Lately, I’ve been hearing a lot of noise in the social media sphere about whether or not those who have recovered from eating disorders should be treating eating disorders. Some have come out on the side of saying definitely not, listing reasons like the potential for bias, countertransference (the therapist making assumptions about clients’ emotions/experiences) or triggering. Others suggest that therapists who have “been there” can empathize with patients in a way that those who have not struggled with food cannot approximate.
Tetyana blogged about the lifetime prevalence of eating disorder professionals in recovery in 2013; she wrote about a 2002 study that revealed that around 33% of women and 2% of men treating eating disorders had a history of an eating disorder themselves. I have also written on the subject before (here); I focused on a 2013 study looking at experiences that recovered clinicians held in common.
Since writing that post, my opinions on the matter have not really changed, and likely won’t surprise you if you’ve read many of my posts and are familiar with my characteristic non-answer answers: I think it is impossible to categorically say that people who have had eating disorders should or should not be in the position of treating those with eating disorders. I think that blanket statements on either side are themselves extremely problematic. It assumes, also, that the person’s history of having or not having an eating disorder is the single most important thing about them, an assertion I find overly simplistic and, frankly, insulting.
So, if I’ve written about this before, why am I writing about it again? It’s a solid question, and the answer is not that I needed content. I recently stumbled upon an interesting recovery looking specifically at how recovered professionals conceptualized recovery, and couldn’t help but become fascinated as two of my interests converged into one article.
Bowlby, Anderson, Hall & Willingham (2015) conducted interviews with 13 American women who had experiences of eating disorders and went on to treat eating disorders.
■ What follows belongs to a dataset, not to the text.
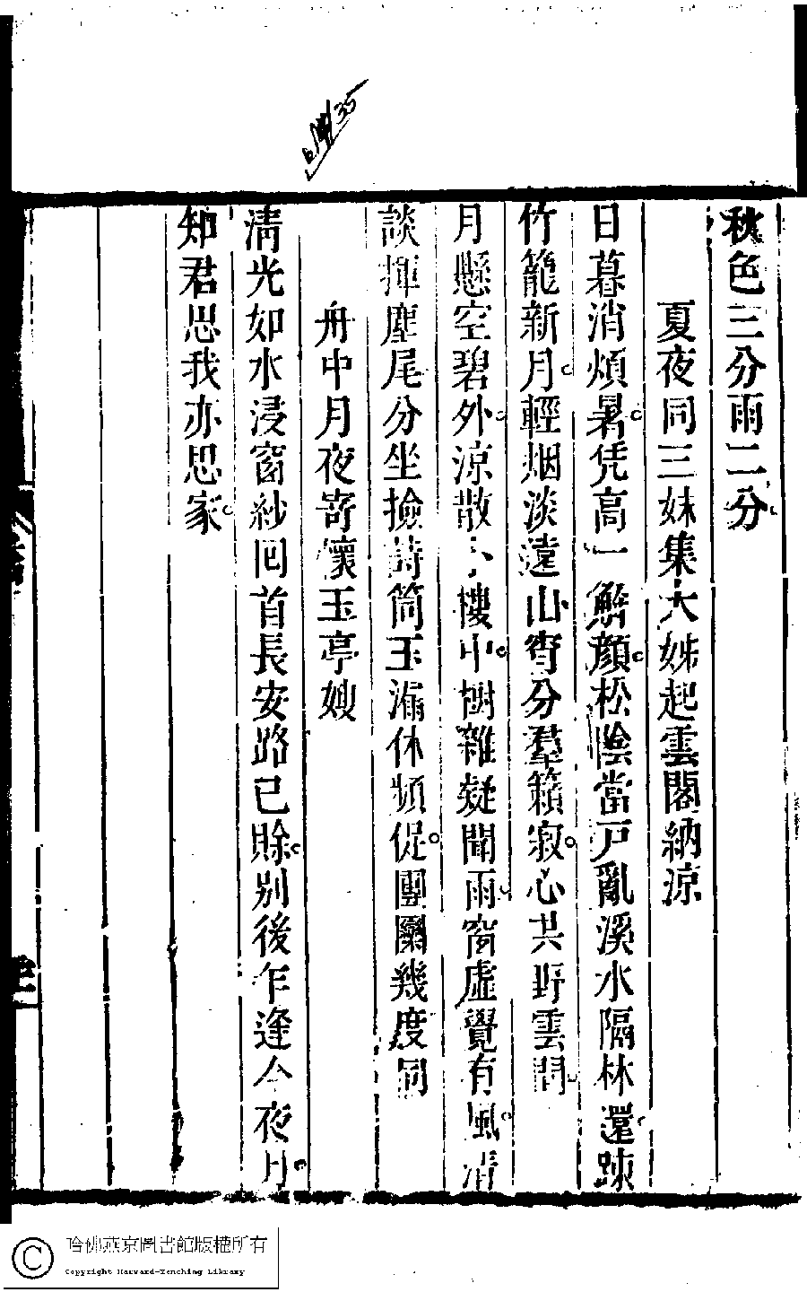 詩詞 [夏夜同三妹集大姊起雲閣納涼(二首)]

They were interested in better understanding how these women understood recovery, which, as we know, is a complex and poorly understood phenomenon.
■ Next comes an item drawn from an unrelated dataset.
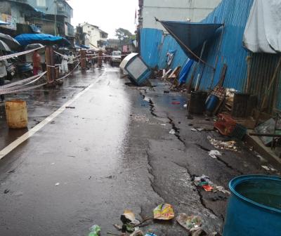 मुंबईत शिवडी रेल्वे क्रॉसजवळ रस्ता खचला, नागरिकांचा जीव मुठीत घेऊन प्रवास; पाहा Photos

The researchers asked clinicians:
- How they defined recovery
- Whether they saw differences between “in recovery” and “recovered”
- Where they thought they fell on this spectrum and for how long
- What was challenging about recovery
- What they learned about themselves in recovery
- How they currently relate to themselves, to their bodies, and to food/exercise
Participants were from 12 different states. All were of European-American backgrounds and all were women. Average age was 41.3 years (range 30-53). 5 held doctoral psychology degrees; 8 had masters degrees. Most worked in private practice (8 of 13).
With respect to their eating disorder history:
- Average length of illness was 11.2 (range 7-19)
- Average age of onset was 15.1 (range 10-21)
- Average length of recovery was 14.7 (range 6-24)
- 6 had a history of anorexia nervosa- restricting subtype (AN-R)
- 1 had a history of anorexia nervosa- binge/purge subtype (AN-BP)
- 3 had a history of bulimia nervosa (BN)
The authors used a phenomenological approach, trying to get to the root of how participants experienced recovery by coding their responses and reflecting on how the responses fit together to form a picture of recovery as experienced by these women.
For these professionals, recovery was:
- Comprised of both external and internal components
- Centered around learning about and valuing oneself
- Related to developing an understanding of the difference between the eating disorder and one’s identity
- Tied to finding meaning and purpose in life
- Contingent on developing healthy, meaningful relationships with others
By non-linear, participants described thinking about recovery as something that was continual throughout their lives, as opposed to having a strict beginning and end. Notably, however, this is not about having to continually strive to stay in recovery or something one thinks about constantly. As one participant noted:
“I don’t feel like I have to constantly work at being in recovery … I like to look at it as I am just constantly working to be a better person; constantly working to try to find balance in my life; constantly aware of myself every day.” (p. 5)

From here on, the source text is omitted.